**Directions for this task:**
Once the pictures are removed, restate the data below word for word.
Start of Supplied data
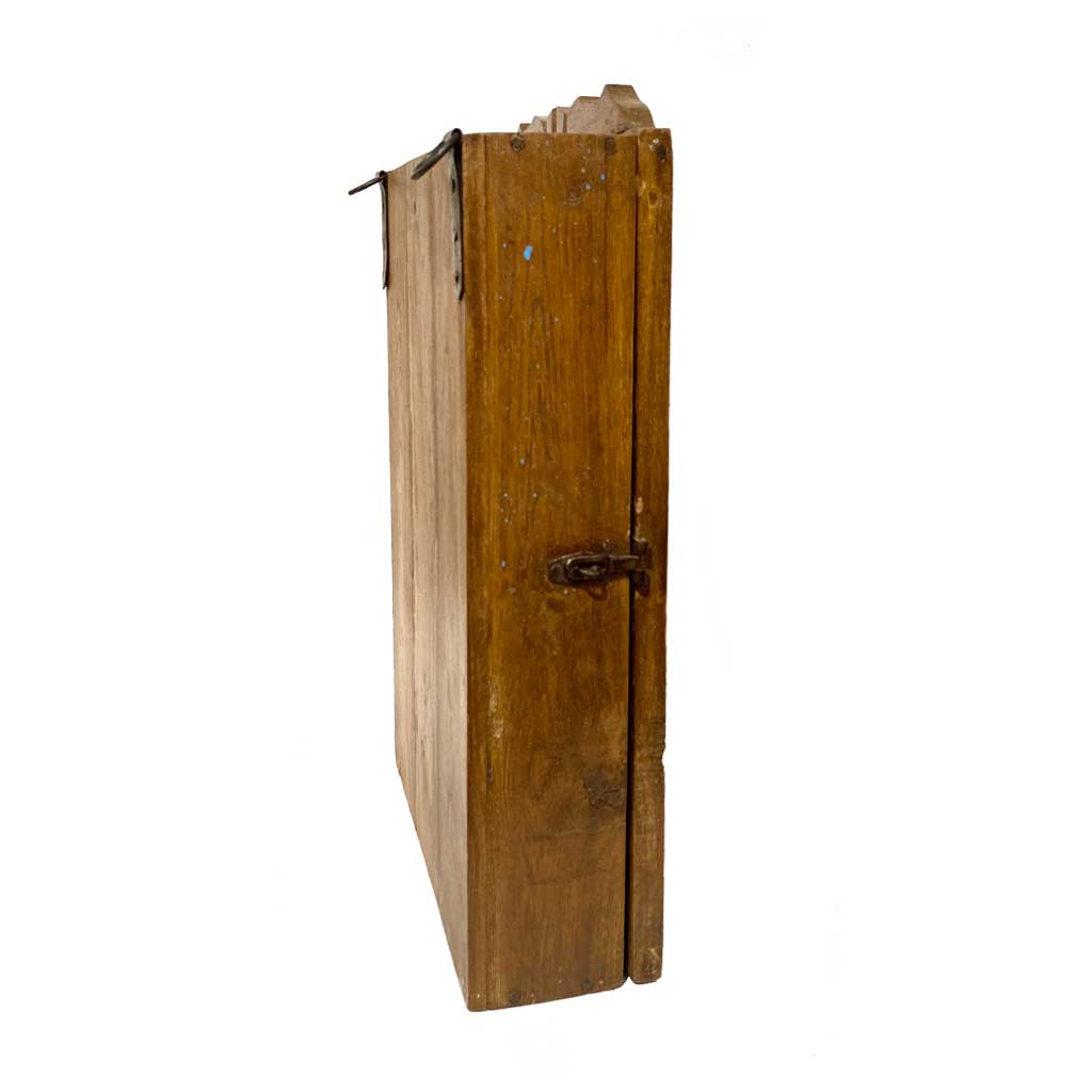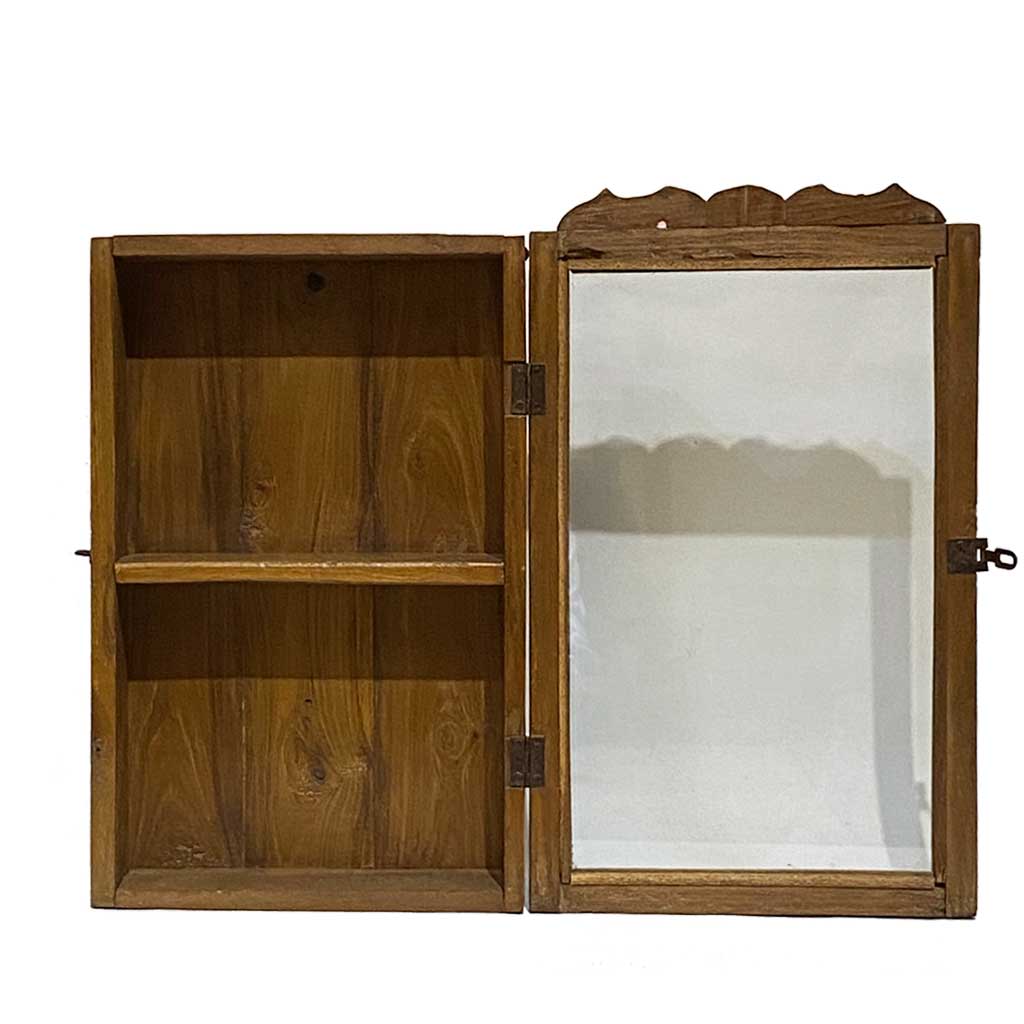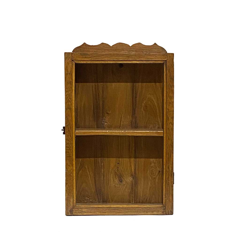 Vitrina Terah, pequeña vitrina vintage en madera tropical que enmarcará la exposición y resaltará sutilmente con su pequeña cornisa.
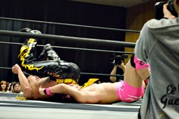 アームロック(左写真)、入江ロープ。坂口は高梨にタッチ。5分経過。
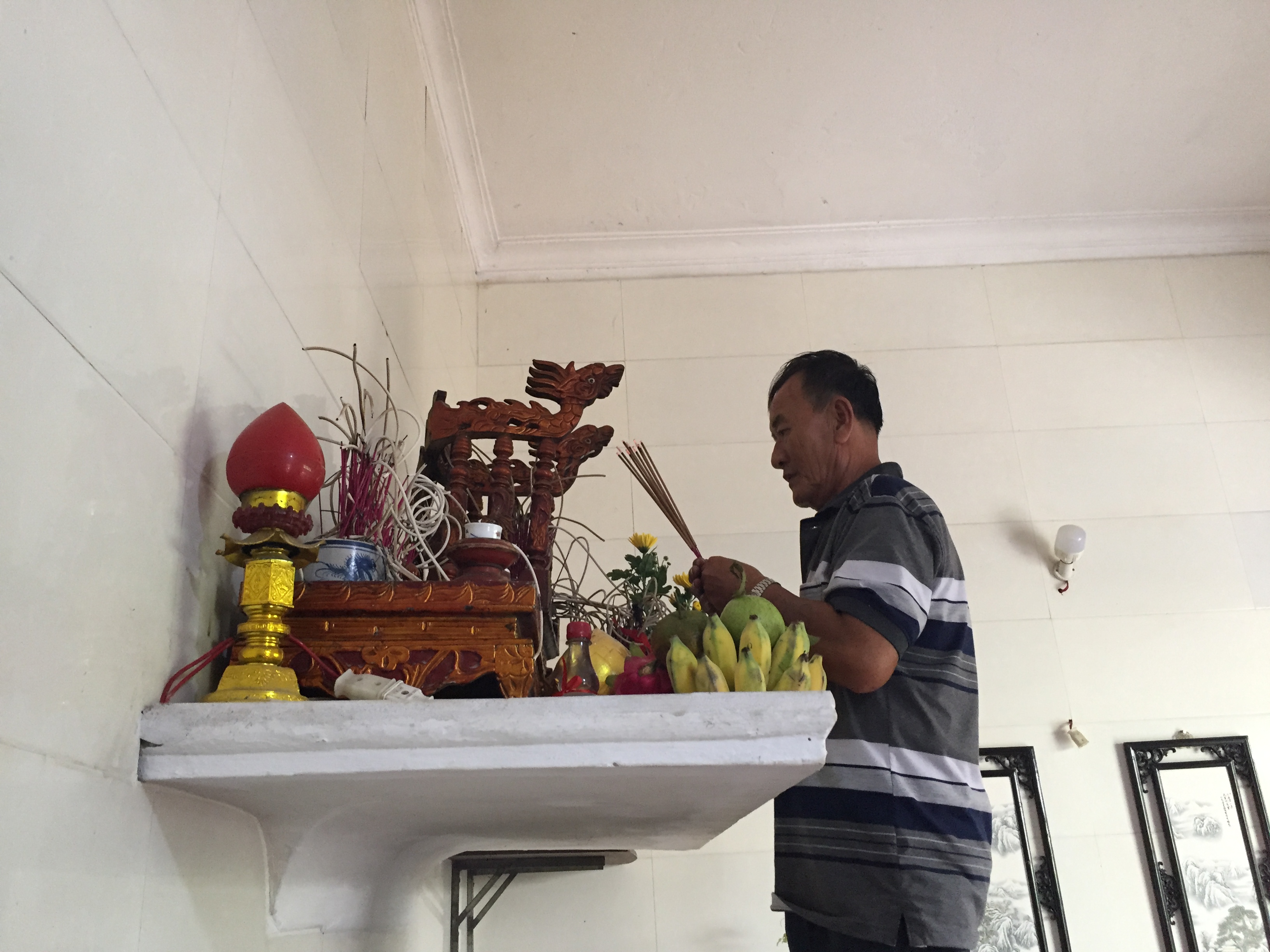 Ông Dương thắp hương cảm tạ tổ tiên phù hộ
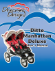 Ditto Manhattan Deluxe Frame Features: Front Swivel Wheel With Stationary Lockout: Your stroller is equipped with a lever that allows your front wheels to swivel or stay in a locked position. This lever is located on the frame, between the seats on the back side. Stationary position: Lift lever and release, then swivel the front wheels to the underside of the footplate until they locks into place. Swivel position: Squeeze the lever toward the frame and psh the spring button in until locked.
End of Supplied data
**Reply:**
 Vitrina Terah, pequeña vitrina vintage en madera tropical que enmarcará la exposición y resaltará sutilmente con su pequeña cornisa.
 アームロック(左写真)、入江ロープ。坂口は高梨にタッチ。5分経過。
 Ông Dương thắp hương cảm tạ tổ tiên phù hộ
 Ditto Manhattan Deluxe Frame Features: Front Swivel Wheel With Stationary Lockout: Your stroller is equipped with a lever that allows your front wheels to swivel or stay in a locked position. This lever is located on the frame, between the seats on the back side. Stationary position: Lift lever and release, then swivel the front wheels to the underside of the footplate until they locks into place. Swivel position: Squeeze the lever toward the frame and psh the spring button in until locked.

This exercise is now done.